Le site de Thales Gemalto à Gémenos se trouve au croisement de ces attentes. Son héritage est celui de la carte à puce, mais son horizon est beaucoup plus large : identités numériques, paiements, télécommunications, objets connectés et services critiques. La cybersécurité connectée n’est plus un sujet réservé aux experts. Elle structure désormais une partie très concrète de notre quotidien.

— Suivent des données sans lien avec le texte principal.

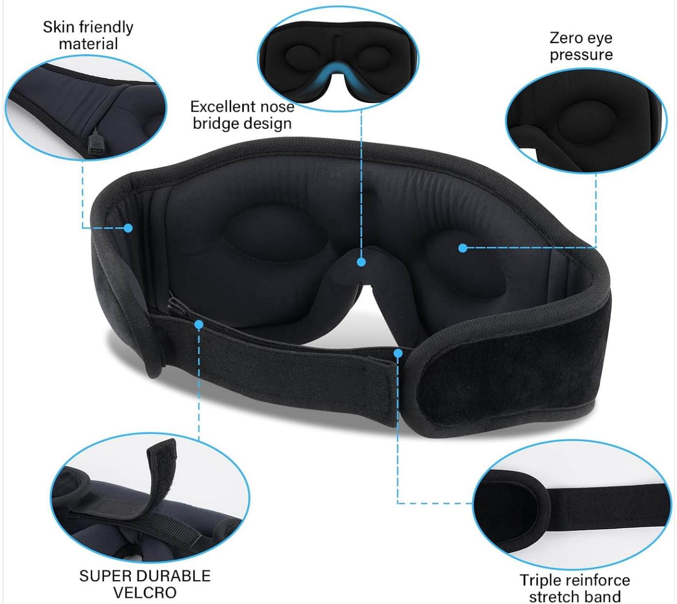
Figure 1: Morelax Bluetooth Sleep Mask MA303-1, highlighting skin-friendly material, excellent nose bridge design, zero eye pressure, super durable Velcro, and a triple reinforced stretch band.

La prochaine fois qu’un paiement sans contact sera validé en une seconde ou qu’une connexion mobile s’effectuera automatiquement, il sera utile de se rappeler qu’une chaîne technologique complexe se cache derrière cette simplicité. La confiance numérique ne se voit pas toujours. Elle se construit pourtant composant après composant, certificat après certificat, dans des sites industriels comme celui de Gémenos.